I so appreciated the comment one woman made to me. I don't recall the exact words, but I do recall the feeling of being 100% understood and supported. She said she tried to imagine what it would be like to not be allowed to be with her children, to be a part of their lives and parent them every day, and that the thought was so horrid to her, she felt sure she would be devastated and barely able to handle it if her children were kept from her. It was very difficult to even think about--the thought was so painful.

Another place support is needed is when the single mom needs people to be open with, people who will listen to her pain and grief and genuinely CARE. I admit I'm a talker. I lived alone, I worked alone. I had no human being to talk to most of the time. It was painful at church when people wanted to limit our conversations to the 30 second variety of "hi, great weather, bye." And then they went home to their husbands and children, and I went home alone--again.

Suggestions that I go to a counselor felt like a slap in the face. It felt like they were saying I was unimportant, unwanted, that I needed to PAY someone to take the time to listen to me, to share my pain. I did try the counselor route, and it did not help. It only made the pain of my loneliness and my longing for my daughter all the more raw. It highlighted the lack of genuine caring of those around me.

Another source of pain was that they never called me to ask how I was, how my week was going. I had to call them. They usually talked to me, but also excused themselves if their children came home from school, if their husband was home from work, whatever. I finally understood that they really did not want to talk to me, and I tried very hard to stop calling, in spite of my huge need for emotional support. (When I didn't get support for a week or so, I tended to get very stressed, which resulted panic attacks.) No one called or made an effort to keep up the relationship. I guess I was seen as too needy, perhaps as someone who "sucked the life out of them."

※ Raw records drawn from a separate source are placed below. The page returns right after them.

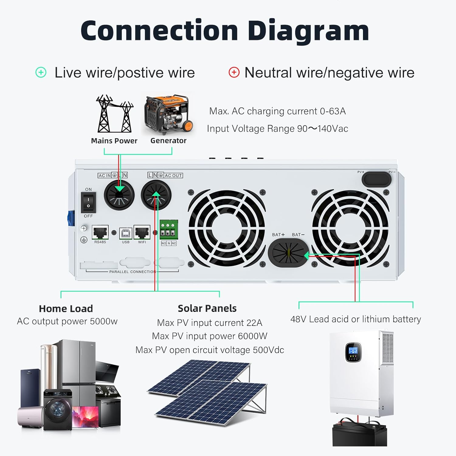 • ✅ 【TECHNICAL SPECIFICATIONS】5000 watt Inverter pure sine wave 48V DC to 120V AC. Max Input Power: 5500W, Voltage range:120-500Vdc, Max input solar current: 22A and Max.Power output: 5000W, max charge current: 80A. AC input Voltage range: 90-140V, Output 100/105/110Vac ±5%. PV Starting voltage >150V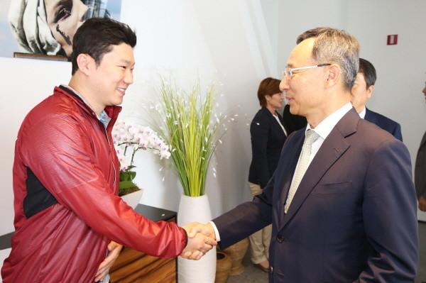 | ▲ 황창규 KT 회장(오른쪽)이 리우 올림픽 사격 종목에 출전하는 진종오 선수를 격려하고 있다. | ||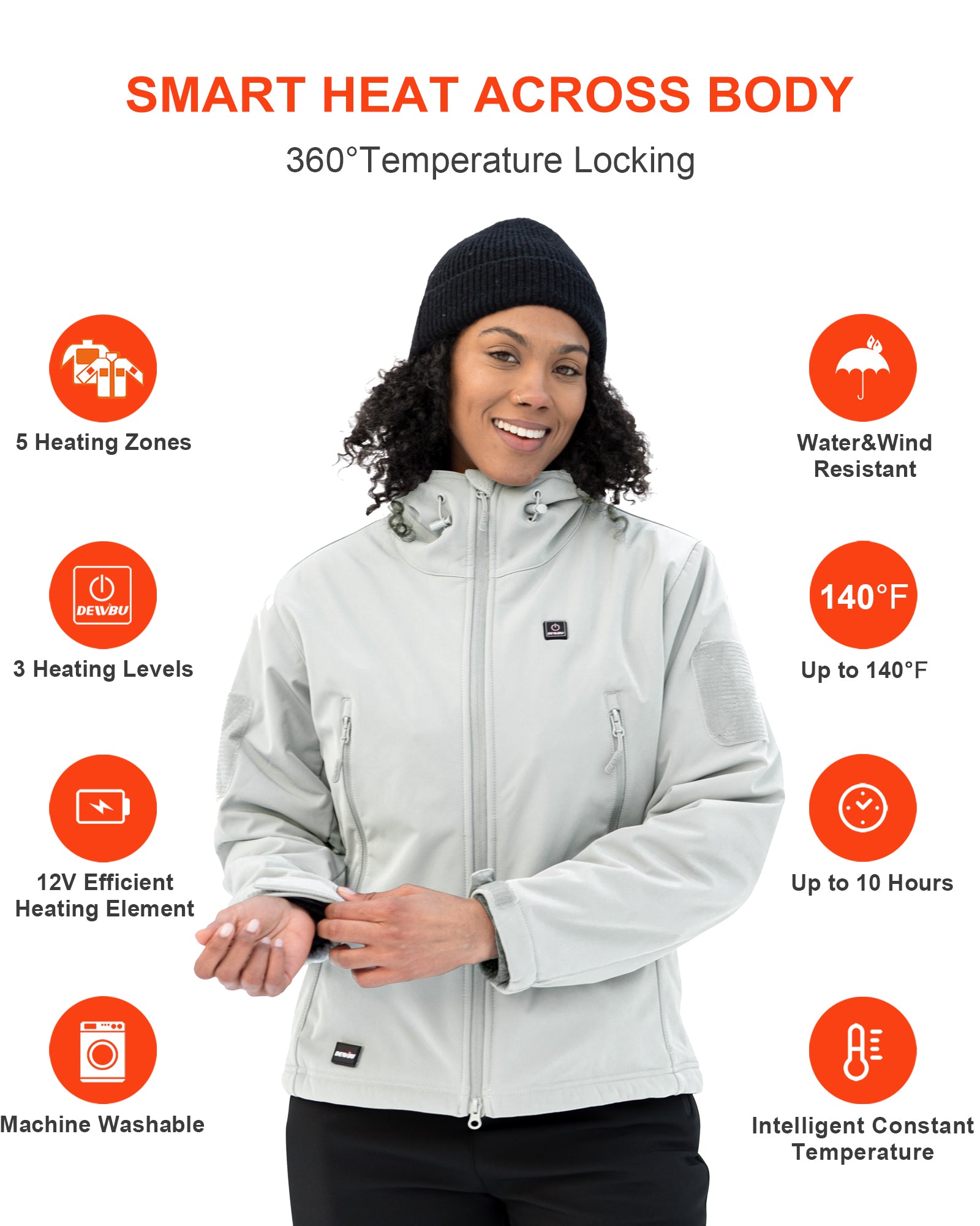 DEWBU heated coats are built with high-quality and professional water resistant soft shell materials with excellent breathability. They also have good tensile strength, scratch resistance and wind resistance. Heating elements and overall jacket structure are designed to endure routine hand or machine wash.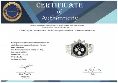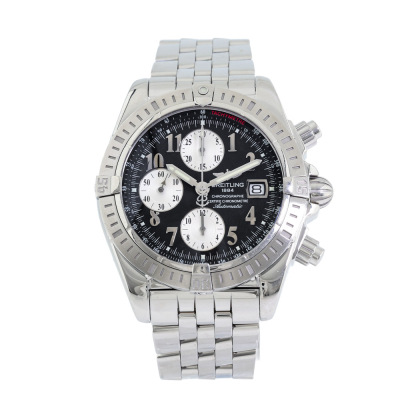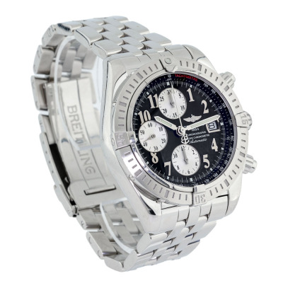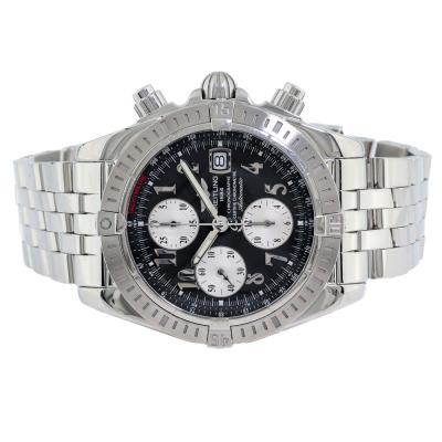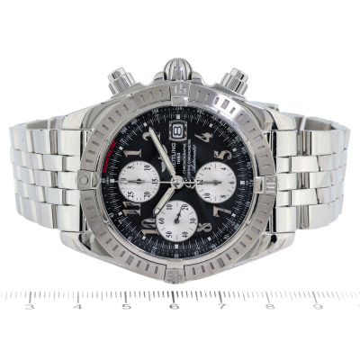 Breitling Chronomat Evolution stainless steel automatic mens watch. Black chronograph dial, date, case diameter: 44mm, wrist size: 20cm, Swiss made. Ref# A13356. With Breitling stainless steel bracelet and clasp. With Certificate of Authenticity and Breitling box. 3 month FSA warranty. Weight: 211.2g. (Pre-owned)

I started keeping my mouth shut. With God's help I carried the burden alone, deciding it must be too much for people to handle. I thought perhaps they wanted me to help them carry their burdens, even though I was dealing with a super-full load of major trauma myself. But keeping mum about my situation. Asking them about theirs didn't result in close or long-term friendships, either.

Even if I was successful at laying aside my own grief and pain, I still had no trust-worthy spouse to consult about parenting, about my daughter's needs. Although some women did listen to me, I often got the sense from their suggestions that they didn't understand.

In addition, my daughter needed one or two men to step forward and model for her what a respectful, loving dad was like, but men (and their wives) shied away from that, too. I didn't want to leave her alone with a man, I just thought if perhaps a family would include the two of us in their family time at least once a month, and allow my daughter to be their daughter, too, that could meet her need to see real manhood in action. But that didn't happen, either. It took a school teacher, secular and bordering on atheist, to show her what a father-figure is like.

I lived like that for 8 years, trying different churches, looking for a place to fit in, especially for the support my daughter needed.

When she was nearly 15, my daughter came to live with me, but then went to see her dad every other weekend. For a long time the pain of being allowed to see her so seldom and never knowing if I could see her even on court-mandated times, made me unwilling to part with her for sleep overs, etc. Indeed, I had to parent very carefully, making sure I did not demand too much, because that could send her back to living with her dad. So my daughter has not been raised like your children have.

For 8 years she lived with a man who did not teach her discipline, yet expected her to be able to handle adult skills. When she came to live with me when she was in 9th grade, the focus for the first 4 years was to help her develop the discipline, study and communication skills, to succeed in school.

Now that she's in college, that is still the focus. I can't expect her to help around the house much, since school is hard for her--frequently from her poor choices in time management--which is a throwback to her days with her sugar-daddy. What I'm trying to say is that the traits you don't like in children who are from single-parent homes, may not be from the mother's inadequate parenting, or just because they are from a "broken home." It may be because of the threats, nastiness, and traumas the abuser in their lives continues to use to maintain power over his ex-wife.

Asking a non-custodial mom what you can do to help is key. Be willing to discuss and help Mom figure out what she needs. Please, don't appear to listen, but be mentally elsewhere. It is very frustrating to have to repeat what you've said, yet to be blamed for your much speaking.

If the Mother lost primary physical care and only sees her child(ren) a limited number of days, don't pressure Mom to allow you to act as "big brother" or "big sister" by taking the child to a movie or other fun stuff so Mom has more time away from her child(ren). Neither Mom nor children need more time away from one another. They have plenty of apart-time as it is. Whatever you offer for the child(ren) offer to include Mom, too.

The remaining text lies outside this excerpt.